**AIM OF THE TASK**
Exactly retype the lines below from the one containing "今日は復職支援プログラムとい" through the end of the listing. Leave pictures out.

**SUPPLIED INFORMATION**
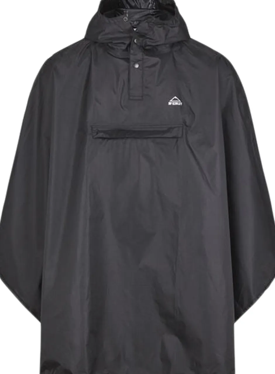 Mckinley Kim Rain Cape er et regnslag, der beskytter dig mod vind og vejr, med sit vandsøjletryk på 3. 000 mm, fuldt tapet sømme og vindtæthed. Regnslaget er med hætte, lille lynlås fra halsen og ned til brystet, med en lynlåslomme under, som kan bruges til opbevaring, eller til at pakke regnslaget ned i, så det ikke fylder i tasken.
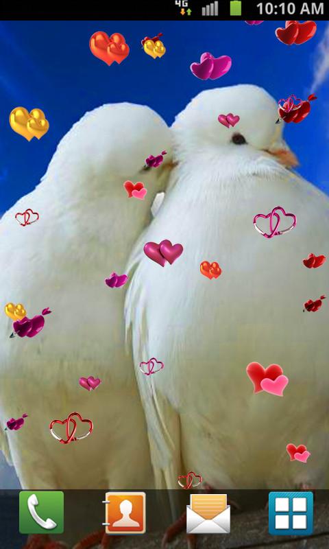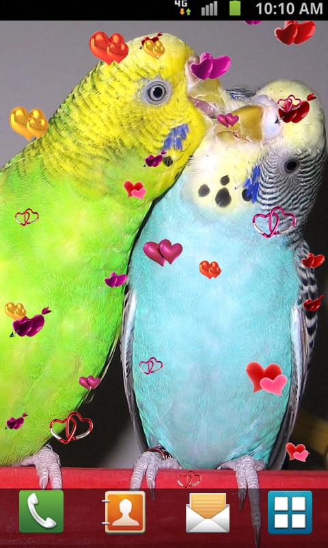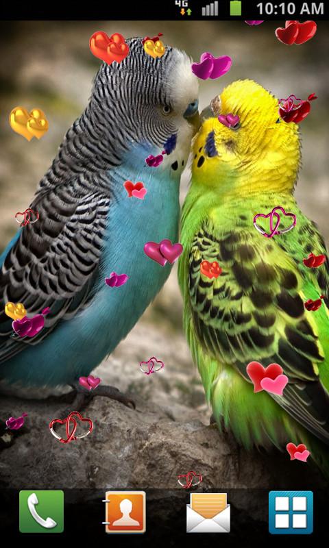 Love birds live wallpaper is perfectly novel live wallpaper which suites perfectly to your Android mobile. Love birds live wallpaper is absolutely free. Love birds live wallpaper gives you fantastic wallpapers like Romantic swimming of love couple - white swans in blue pond watet, romanticall kiss of white parrot, love expression of small birds, romance between beautiful red parrot, orange color ed love birds, green parrot couple looking each other at a branch of tree, birds love in the sky, blue parrot on a branch, blue pigeons love, pure white pigeons, couple of blue and green parrot, white swans with red beak making love symbol together, beautiful eyes of long necked swans. Here you find different types of parrots, sparrows, macaws, pigeons, and swans.
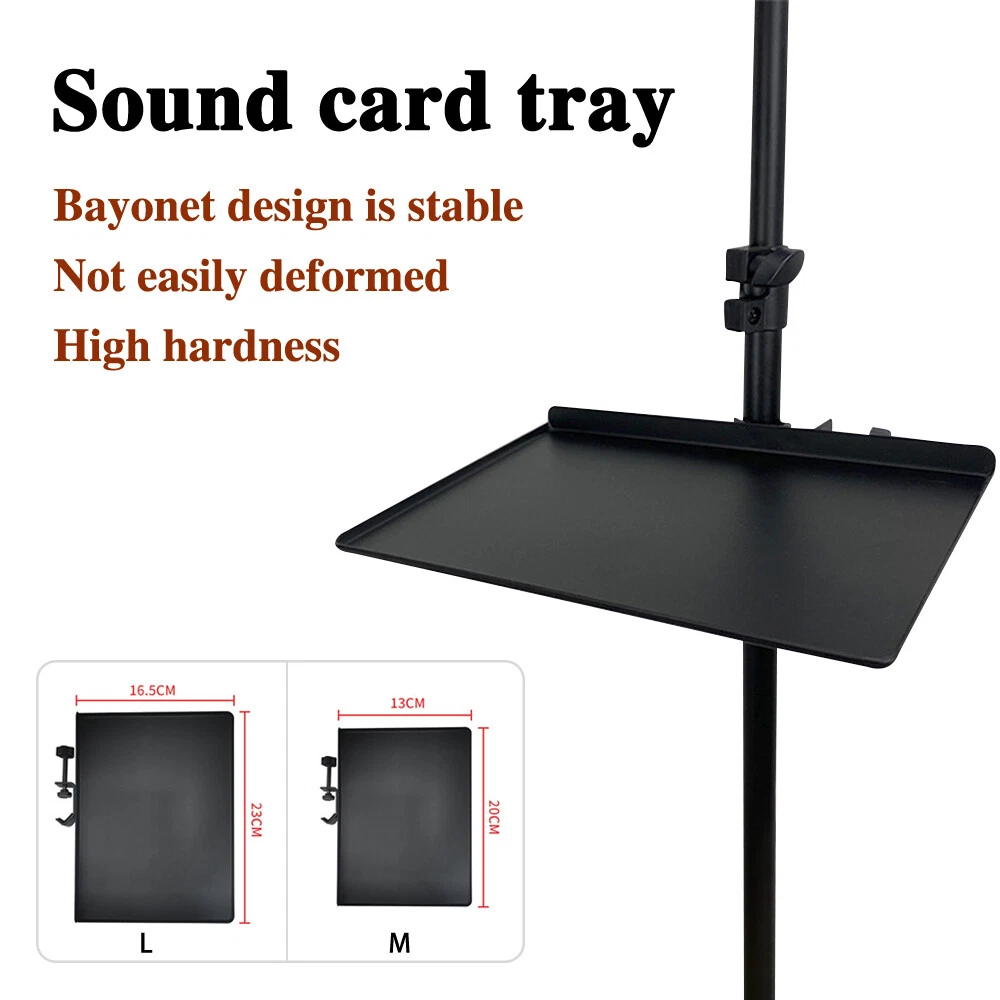 Categories Universal Mic/Microphone Stand Tray Adjustable Clamp-On Rack Tray Holder Large Description Features: 1. [Flexible and Variable] Easy to disassemble, can be lifted or lowered freely, and can be adjusted up and down to meet the desired height 2. [Metal Craft] The overall design is made of metal, which is lightweight and hard. The surface is treated with spray painting technology, and the texture is good 3. [Two sizes] M/L has different sizes to choose from (with a difference of about 1cm in size) M: 13cm * 20cm L: 16.5cm * 23cm 4. [Knob tightness] By tightening the knob nut, it can adapt to various different brackets 5. [Sponge anti slip] The buckle is attached with sponge, which can effectively prevent slipping and scratching of the bracket Specifications: Material: Aluminum alloy Size: M: 13cm * 20cm L: 16.5cm * 23cm Packaging list: 1 * Sound card tray Universal Mic/Microphone Stand Tray Adjustable Clamp-On Rack Tray Holder Large Description Features: 1. [Flexible and Variable] Easy to disassemble, can be lifted or lowered freely, and can be adjusted up and down to meet the desired height 2. [Metal Craft] The overall design is made of metal, which is lightweight and hard. The surface is treated with spray painting technology, and the texture is good 3. [Two sizes] M/L has different sizes to choose from (with a difference of about 1cm in size) M: 13cm * 20cm L: 16.5cm * 23cm 4. [Knob tightness] By tightening the knob nut, it can adapt to various different brackets 5. [Sponge anti slip] The buckle is attached with sponge, which can effectively prevent slipping and scratching of the bracket Specifications: Material: Aluminum alloy Size: M: 13cm * 20cm L: 16.5cm * 23cm Packaging list: 1 * Sound card tray On Dec 8, 2023 at 02:56:08 PST, seller added the following information:
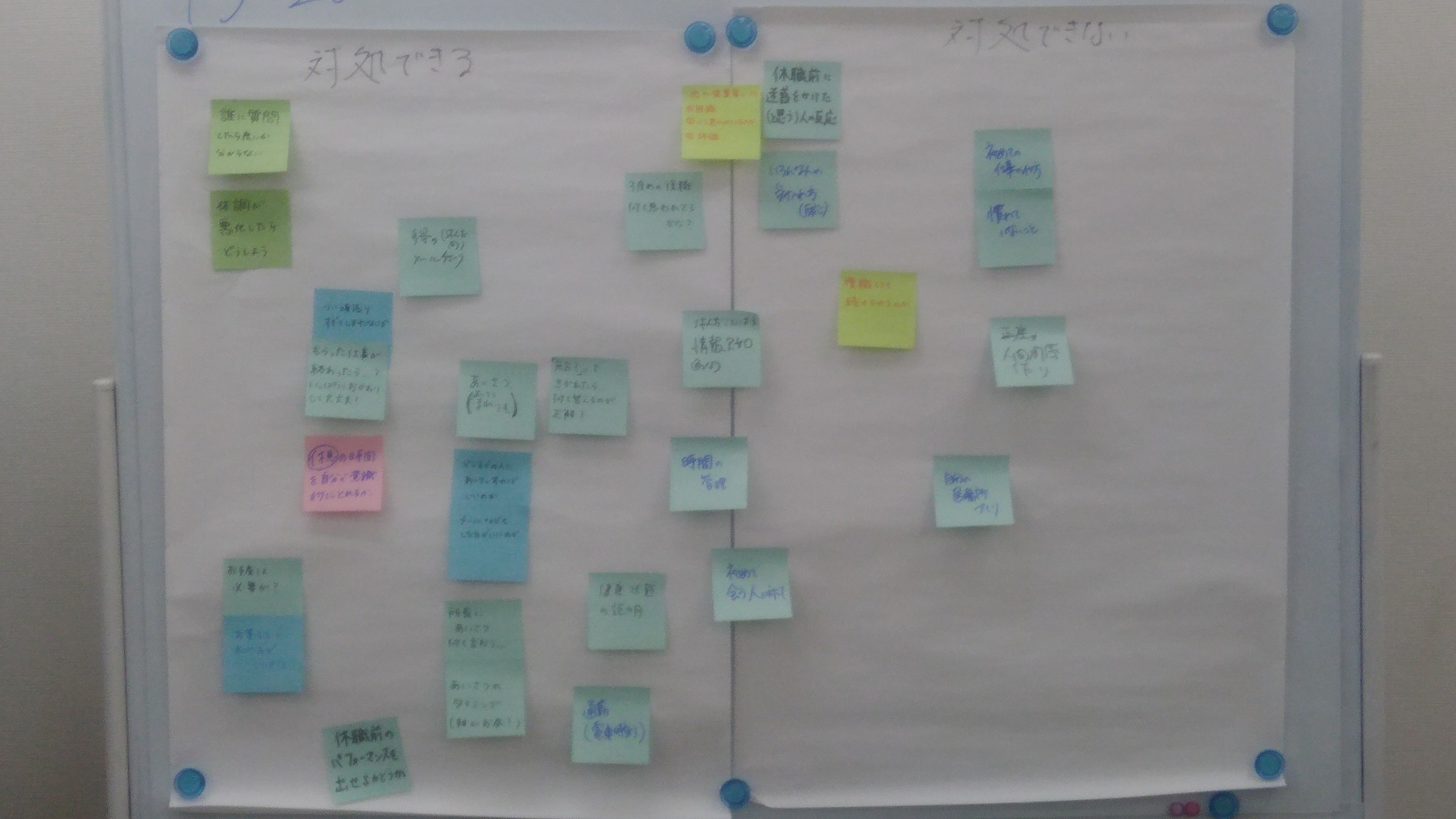 今日は復職支援プログラムということで、復職初日のトラブル・シューティングを行ないました。どんなに準備をしても、あるいはしっかりと準備をしてきたからこそ不安はどうしても出てくるものです。それをみなでリストアップして、対処できるもの、できないもの仕分けてみました。
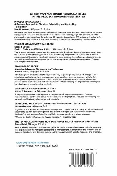 1 Introduction: Opportunity, Risk and Benefit.- Market opportunities.- Risk versus benefit.- Timing.- The competitive approach.- 2 Concept to Launch: The Development Cycle.- Project phases.- Idea.- Feasibility study.- Laboratory model.- Development.- Production engineering.- Production.- Trials.- Launch.- 3 Setting the Goal.- Projects.- The project leader.- Decision making.- Defining the need.- The requirement specification.- Goal setting.- Managing change.- Roles.- Product issues.- Single point responsibility.- Department versus function.- Status and role.- Motivation.- 4 Seeing in the Dark: The Need to Plan.- Why plan?.- Planning tools.- Planning techniques.- Network notation.- Creating a plan.- Planning in practice.- The critical path.- Resourcing.- What if...?.- Squeezing the plan.- Working with plans.- 5 Organising for Success.- Meetings.- Specifications.- Document control.- Managing change.- Working together.- Purchasing.- Reviews.- 6 Cost and Time.- Estimating.- The cost of change.- Managing cost and time.- Tracking expenditure.- Product cost.- 7 Understanding Technologies.- Managing technology.- Electronics.- Software.- New technologies.- Appendix A: Document Control.- Appendix B: Change Control.- Appendix C: Functional Specification.- Appendix D: Review Guidlines.- Appendix E: Requirement Specification Format.
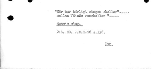 //// j "Hör hur härligt sången skallar^..... //// ^^ mellan Väinös runskallar .... //// Suomis såne;. //// 2:6. HO. J.N.E.98 s.118. //// I ÅBO. ////

**EXERCISE SOLUTION**
 今日は復職支援プログラムということで、復職初日のトラブル・シューティングを行ないました。どんなに準備をしても、あるいはしっかりと準備をしてきたからこそ不安はどうしても出てくるものです。それをみなでリストアップして、対処できるもの、できないもの仕分けてみました。
 1 Introduction: Opportunity, Risk and Benefit.- Market opportunities.- Risk versus benefit.- Timing.- The competitive approach.- 2 Concept to Launch: The Development Cycle.- Project phases.- Idea.- Feasibility study.- Laboratory model.- Development.- Production engineering.- Production.- Trials.- Launch.- 3 Setting the Goal.- Projects.- The project leader.- Decision making.- Defining the need.- The requirement specification.- Goal setting.- Managing change.- Roles.- Product issues.- Single point responsibility.- Department versus function.- Status and role.- Motivation.- 4 Seeing in the Dark: The Need to Plan.- Why plan?.- Planning tools.- Planning techniques.- Network notation.- Creating a plan.- Planning in practice.- The critical path.- Resourcing.- What if...?.- Squeezing the plan.- Working with plans.- 5 Organising for Success.- Meetings.- Specifications.- Document control.- Managing change.- Working together.- Purchasing.- Reviews.- 6 Cost and Time.- Estimating.- The cost of change.- Managing cost and time.- Tracking expenditure.- Product cost.- 7 Understanding Technologies.- Managing technology.- Electronics.- Software.- New technologies.- Appendix A: Document Control.- Appendix B: Change Control.- Appendix C: Functional Specification.- Appendix D: Review Guidlines.- Appendix E: Requirement Specification Format.
 //// j "Hör hur härligt sången skallar^..... //// ^^ mellan Väinös runskallar .... //// Suomis såne;. //// 2:6. HO. J.N.E.98 s.118. //// I ÅBO. ////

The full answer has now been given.